▶ Problem details: Find "a black backdrop" in the listing below, then set down only that line and each later line, unchanged, leaving out pictures.
───── Input for this task ─────
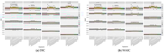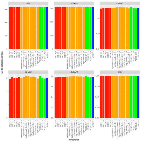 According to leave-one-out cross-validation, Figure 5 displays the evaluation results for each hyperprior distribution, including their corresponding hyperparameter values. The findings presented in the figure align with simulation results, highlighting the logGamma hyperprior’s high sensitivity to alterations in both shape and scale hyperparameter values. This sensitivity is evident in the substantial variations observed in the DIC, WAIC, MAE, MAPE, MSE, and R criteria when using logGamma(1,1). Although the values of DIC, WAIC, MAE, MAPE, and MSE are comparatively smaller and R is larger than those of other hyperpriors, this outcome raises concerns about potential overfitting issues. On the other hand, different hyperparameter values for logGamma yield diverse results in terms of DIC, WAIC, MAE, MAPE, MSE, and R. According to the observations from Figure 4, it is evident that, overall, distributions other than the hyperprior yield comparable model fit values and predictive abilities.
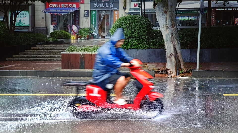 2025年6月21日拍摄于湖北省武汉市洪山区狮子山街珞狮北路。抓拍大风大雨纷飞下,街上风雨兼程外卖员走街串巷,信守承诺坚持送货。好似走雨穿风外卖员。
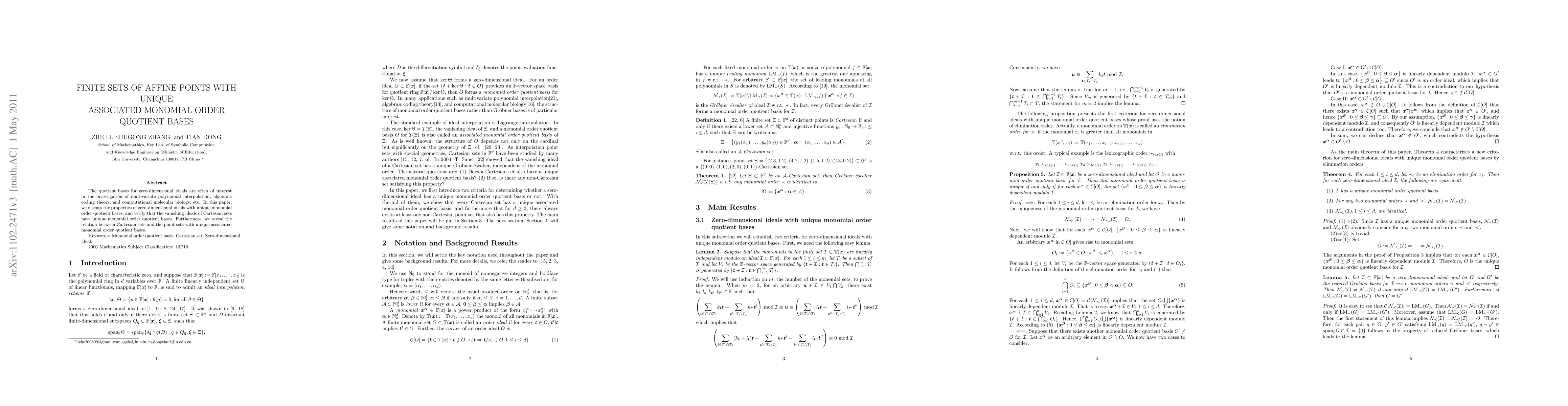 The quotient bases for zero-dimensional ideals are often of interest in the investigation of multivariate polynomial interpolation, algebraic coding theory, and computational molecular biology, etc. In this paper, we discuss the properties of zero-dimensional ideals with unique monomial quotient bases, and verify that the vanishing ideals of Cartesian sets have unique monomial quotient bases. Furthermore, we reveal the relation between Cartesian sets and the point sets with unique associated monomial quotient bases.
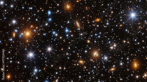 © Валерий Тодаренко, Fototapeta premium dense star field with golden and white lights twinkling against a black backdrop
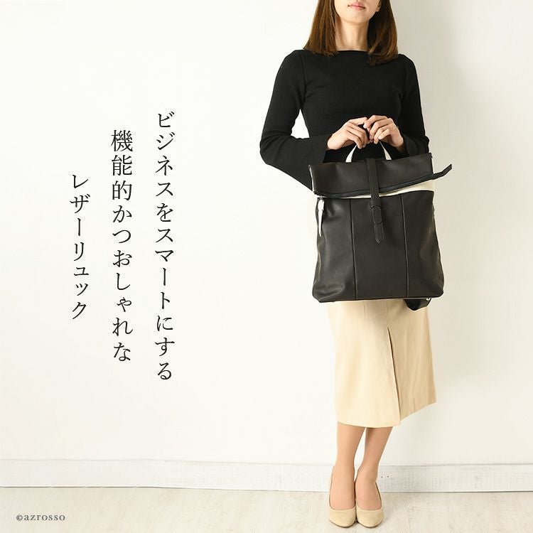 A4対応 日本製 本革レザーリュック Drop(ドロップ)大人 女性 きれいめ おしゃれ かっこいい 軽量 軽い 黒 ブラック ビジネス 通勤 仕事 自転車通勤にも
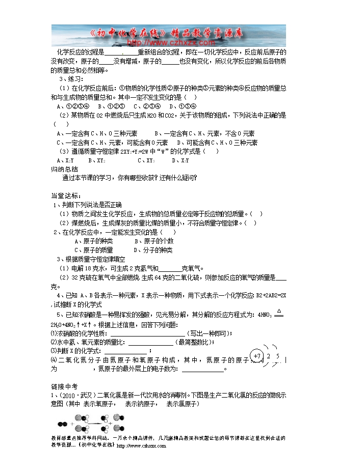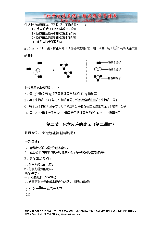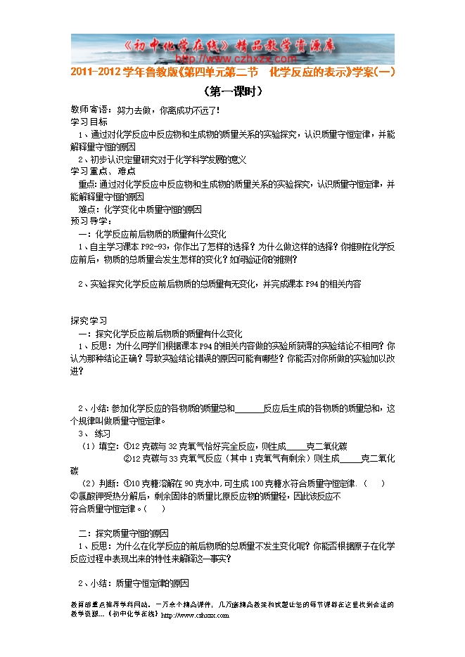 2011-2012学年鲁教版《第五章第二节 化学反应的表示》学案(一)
─────
▶ Output for this task:
 © Валерий Тодаренко, Fototapeta premium dense star field with golden and white lights twinkling against a black backdrop
 A4対応 日本製 本革レザーリュック Drop(ドロップ)大人 女性 きれいめ おしゃれ かっこいい 軽量 軽い 黒 ブラック ビジネス 通勤 仕事 自転車通勤にも
 2011-2012学年鲁教版《第五章第二节 化学反应的表示》学案(一)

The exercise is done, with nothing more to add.